##### LISTED ENTRIES
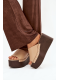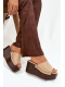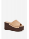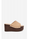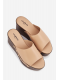 Béžové pantofle na klínku s cvočky krásně doplní outfit v přírodních tónech, lněné šaty, sukně nebo lehké kalhoty.
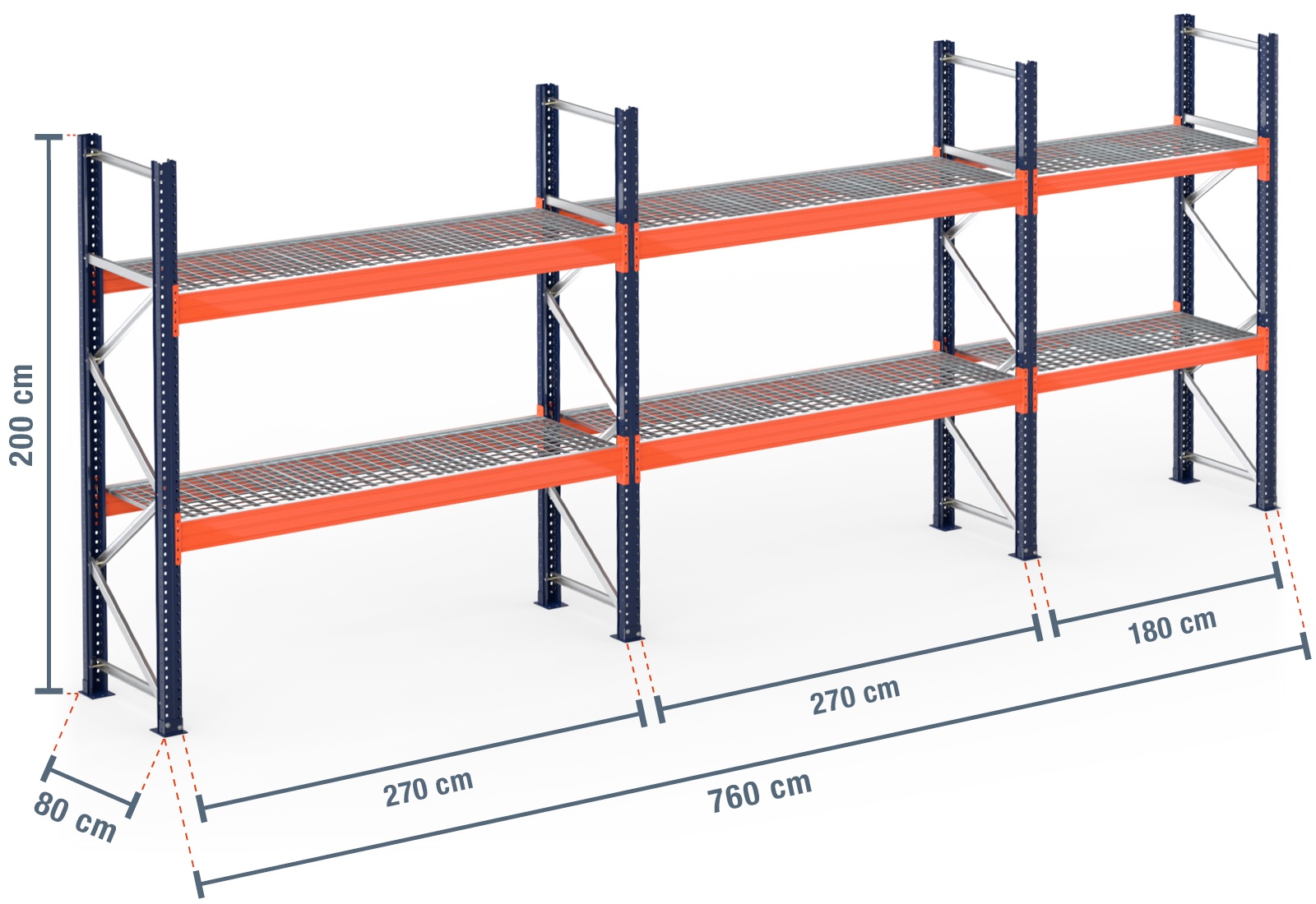 7,6 m Palettenregal PR15000 / 80 cm tief / 2 m hoch / 2 Ebenen / Auflage Gitterrost
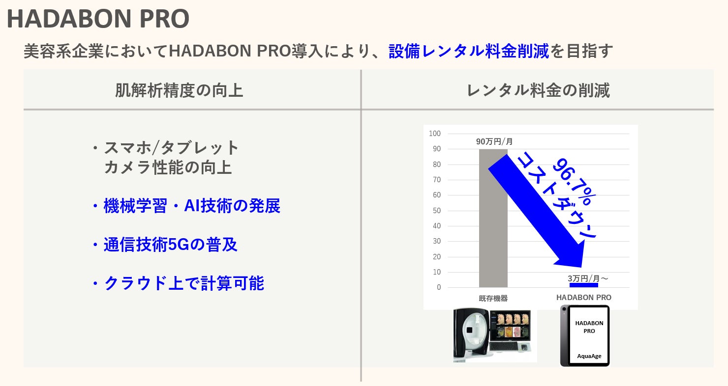 HADABON Proにおいて、設備レンタル料金削減だけではなく、今後HADABONアプリとの連携集客で売上向上及び美容系企業向けDX化サービスのご提供で業務効率化を図ります。
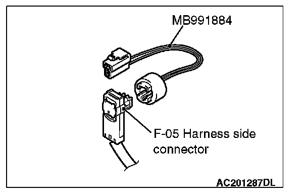 5. Connect special tool MB991884 to the removed F-05 harness side connector.
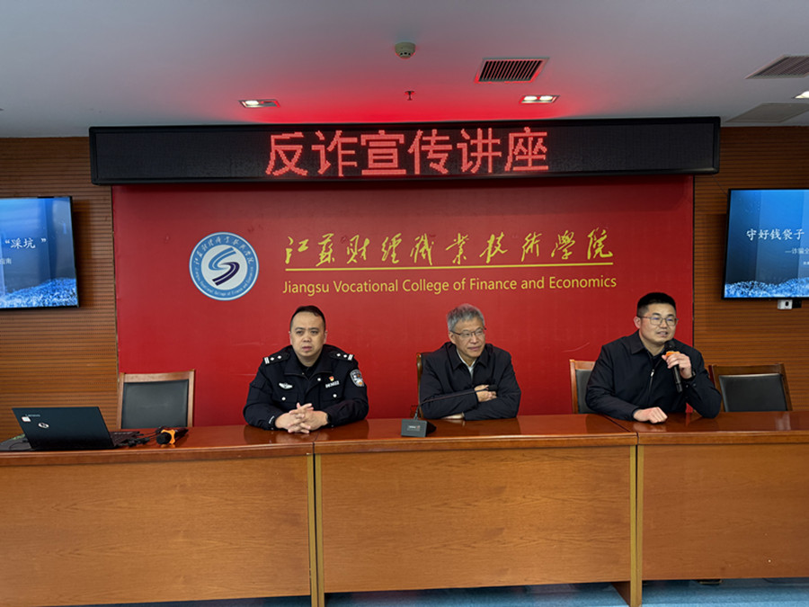 3月4日下午,学校邀请枚乘路派出所副所长、大学城中心警务室主任周建兵、民警王欢在图书馆学术报告厅开展2026年春季开学反诈宣传讲座。党委委员、副校长梁枫现场指导并讲话。校院两级大学生安全教育实践部全体成员、各班级治保委员及部分学生代表等200余人参加。本次活动由保卫处处长陈伟辉主持。
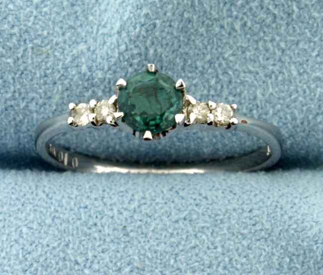 In 14k white gold. Contains 1/2ct high quality natural green tourmaline gemstones with bright green color. Also contains four .02ct high quality diamonds in shank of SI clarity/H color. Size 8 1/2. 1.8g.
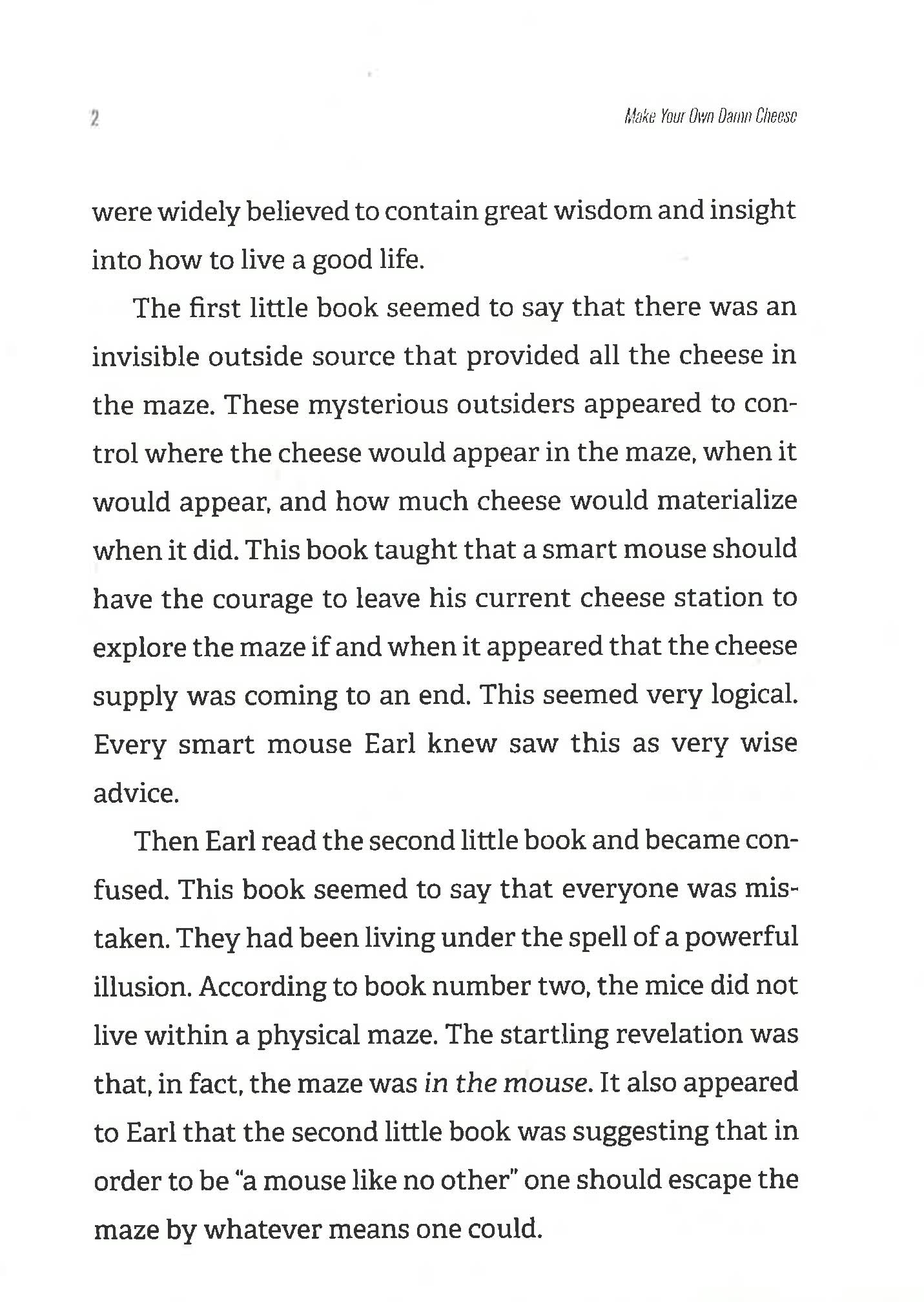 Earl is a curious young mouse who wonders ceaselessly about the maze into which he was born. In trying to escape the maze, he encounters dead ends no matter how hard he works. He yearns for a better life, filled with freedom and happiness. Earl desires more than the maze has to offer-a life where the cheese is plentiful and never out of reach. He believes he needs to get out of the maze, but how? In this delightful and compelling tale, you will follow Earl on his journey through the philosophies of the major players in the history of personal development. Learned mice Napoleon, Jim, Bob, Brian, Denis, and Price reveal to Earl how his mind looks and functions. They teach him how to master his own mind to design and create his own maze. He learns what cheese really is and why it is essential. Most importantly, Earl discovers who he really is and is joyfully astonished to learn the guiding principles that will revolutionize his life; he does not have to spend his days chasing cheese-he learns to make his own damn cheese! The powerful concepts in this gem of a book will put you on a path out of the mundane and allow you to fulfill your true and immense potential.
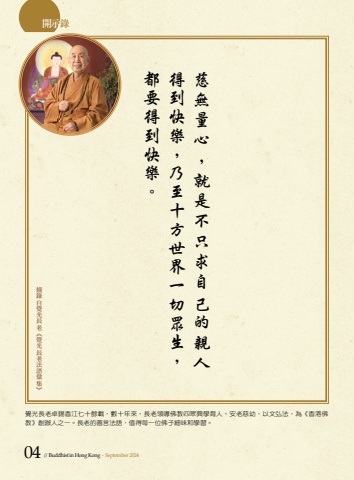 %u958b%u793a%u9304 %u89ba%u5149%u9577%u8001%u5353%u932b%u9999%u6c5f%u4e03%u5341%u9918%u8f09%uff0c%u6578%u5341%u5e74%u4f86%uff0c%u9577%u8001%u9818%u5c0e%u4f5b%u6559%u56db%u773e%u8208%u5b78%u80b2%u4eba%u3001%u5b89%u8001%u6148%u5e7c%uff0c%u4ee5%u6587%u5f18%u6cd5%uff0c%u70ba%u300a%u9999%u6e2f%u4f5b%u6559%u300b%u5275%u8fa6%u4eba%u4e4b%u4e00%u3002%u9577%u8001%u7684%u5584%u8a00%u6cd5%u8a9e%uff0c%u503c%u5f97%u6bcf%u4e00%u4f4d%u4f5b%u5b50%u7d30%u5473%u548c%u5b78%u7fd2%u3002%u6458%u9304%u81ea%u89ba%u5149%u9577%u8001%u300a%u89ba%u5149%u9577%u8001%u6cd5%u8a9e%u5f59%u96c6%u300b%u90fd%u8981%u5f97%u5230%u5feb%u6a02%u3002 %u5f97%u5230%u5feb%u6a02%uff0c%u4e43%u81f3%u5341%u65b9%u4e16%u754c%u4e00%u5207%u773e%u751f%uff0c %u6148%u7121%u91cf%u5fc3%uff0c%u5c31%u662f%u4e0d%u53ea%u6c42%u81ea%u5df1%u7684%u89aa%u4eba04 // Buddhist in Hong Kong . September 2024
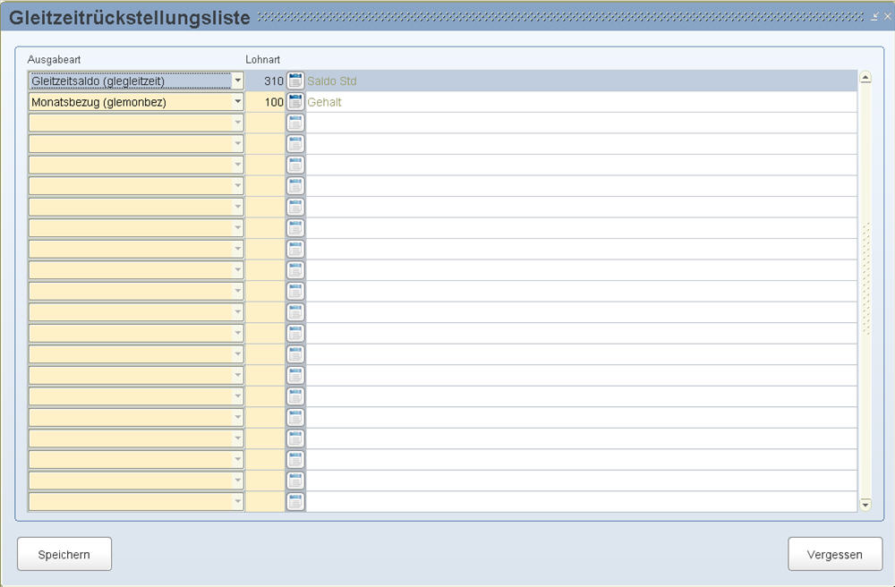 hier, dass Sie bei der Lohnart die Ausgabeart Gleitzeitsaldo ("glegleitzeit")
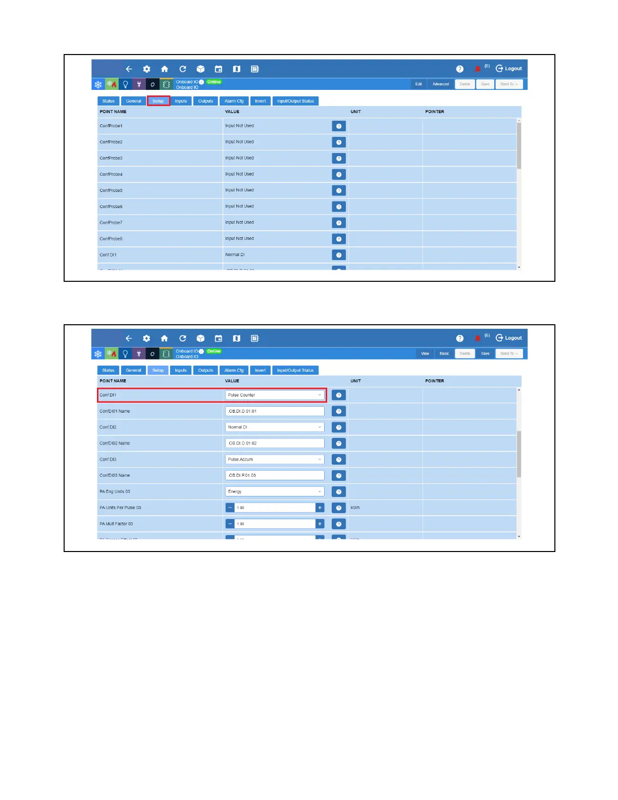 4. Scroll down to Conf DI1, select Pulse Counter and click Save.
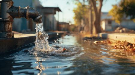 This captivating image showcases water splashing from a pipe, creating dynamic ripples on a wet street surface, with urban scenery in the background.
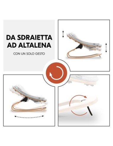 Con un solo gesto è possibile trasformare la sdraietta in altalena. Oppure fai fare uno scatto al seggiolone. Un prodotto – 3 possibili applicazioni!
##########
*WHAT IS BEING ASKED:* Set down only the lines from the one with "4. Scroll down" through the end of the entries, exactly as they appear, leaving out each picture.

*EXPECTED ANSWER:*
 4. Scroll down to Conf DI1, select Pulse Counter and click Save.
 This captivating image showcases water splashing from a pipe, creating dynamic ripples on a wet street surface, with urban scenery in the background.
 Con un solo gesto è possibile trasformare la sdraietta in altalena. Oppure fai fare uno scatto al seggiolone. Un prodotto – 3 possibili applicazioni!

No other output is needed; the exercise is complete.